Ayton castle is based in Berwickshire, Scotland, and the owner holds the title of ‘The Baron of Ayton’. This is a peculiarity exclusive to Scottish titles, whereby the title passes to the owner of the house and estate associated with it. So, clearly, this would be Nick – head of the house of Ayton, as his family office proudly advertise their ancestral home on their website.

Well, no. Not at all actually.

That title belongs to. Ian Liddell-Grainger MP. The title has belonged to his family for over 100 years.

Nick Ayton and his family are not able to claim Ayton castle as ever having been in their family and they are certainly not descendants of the Baron of Ayton.

Far from being the Ayton family’s home, they have in fact never lived there. The house was originally built by the Home clan – a powerful family from the Scottish Borders and a prominent name through Scottish history.

There has never been any history of any Ayton family holding the title of ‘Baron of Ayton’ or living in Ayton castle.

Instead, Ayton is merely a place name, which was part of the lands owned by the Home clan. Ayton castle was primarily a peel tower that was built by James Home of Ayton (and his lands were confiscated in the Jacobean War due to betraying the Scottish cause).

The Ayton Castle of today was built around the peel tower.

"The estate was subsequently purchased by William Mitchell (later Mitchell-Innes) of Parsonsgreen, Edinburgh, Chief Cashier of the Royal Bank of Scotland. From 1846 – 51 James Gillespie Graham was commissioned to build a new castle at Ayton in the Scottish Baronial style in red sandstone. Further additions were made in the later 19th century."

The Aytons are not related in any way, shape or form to Ayton castle. They merely share a surname with a place in Scotland.

So inclusion of Ayton Castle on the Ayton Family Office website is a clear attempt to mislead and hijack a family history that doesn’t even exist.

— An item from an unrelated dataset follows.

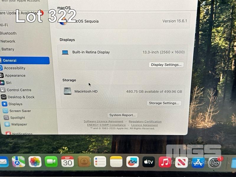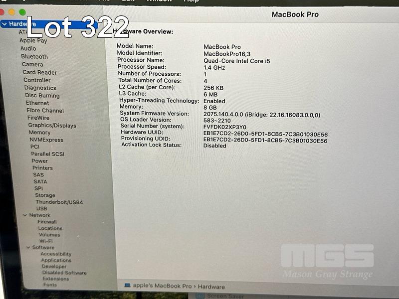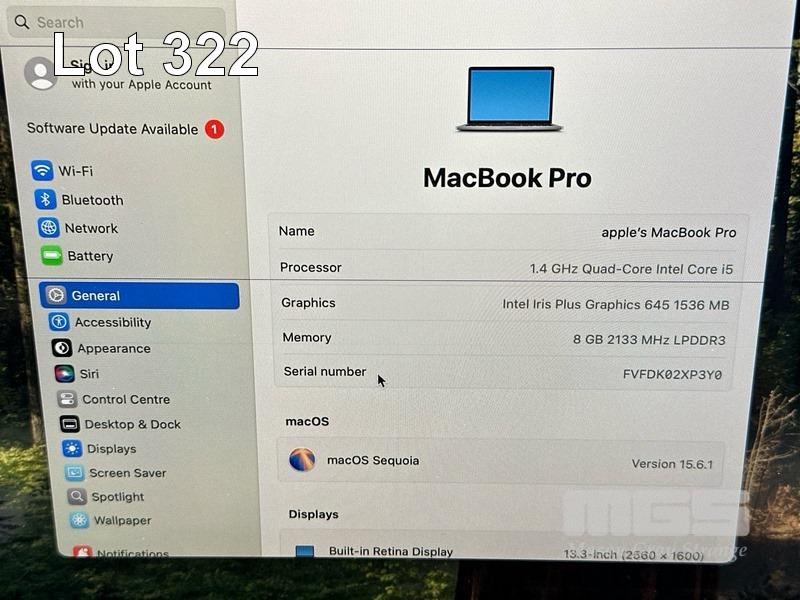 LAPTOP, APPLE MACBOOK PRO (A2289), CORE i5 8257U (8TH GEN) @ 1.4GHz, 8GB DDR3 RAM, 512GB SSD, 13.3" RETINA DISPLAY (2560x1600), INTEL IRIS PLUS GRAPHICS 645, Wi-Fi, BLUETOOTH, MAC OS 15 INSTALLED (NO USB-C POWER SUPPLY) (NOTE: FAULTY SCREEN - FLICKERING, LINES) S/N:FVFDK02XP3Y0

The fact is, the Aytons do not have an esteemed family history. Their recent history is questionable at best – Nick Ayton was best friends with the fall guy for the massive pension fraud he was involved with, he raised money selling securities illegally through his Initial Coin Offering for 21MILLION project, his LinkedIn profile is full of misrepresentations and lies (University de la Romande doesn’t seem to have ever existed, thus has never offered an MBA).


It is clearly an attempt to take the heat off this family office scam that Nick – the head of the Ayton Family – is not listed on the website.

But who are the trust managers for Ayton Fmaily Office trust in that case?

Arnold Ayton and Obediah Ayton are two of Nick’s sons. Debbie Ayton is his wife. She is also involved in 21 Million as a director and was part of a plot to remove David Lofts from that company.

It should be noted that a single family office (SFO) usually has assets of over $100million. It would seem very liberal to assume the Aytons have such an amount, given that Nick still owes over £10million to The Pension Regulator due to a previous scam he was involved in.

The only reason we can think for the Aytons pretending to be landed Scottish gentry is to grant a certain esteem to what is a damaged family name through their previous actions.

The sad fact is, if Arnold and Obe are as well educated as they would have us believe, there is every chance they could run a legitimate business to relative success without the need to lie, cheat and deceive people looking to raise funds out of their money.

The only reason for them lying about their family history is, presumably, some sort of long con – a ‘fake it til you make it’ play in which they take money off startup owners hoping to raise capital whilst delivering very little.

The Ayton’s prior relationship with the Ritossa Family Office summits appears to have come to an abrupt end, perhaps due to their proposition of overpromising and under-delivering finally catching up to them.

In our opinion, you should avoid the Ayton family and the fake Ayton Family Office like COVID-19. Both hold the potential to leave you feeling thoroughly dishevelled and exhausted, but for differing reasons.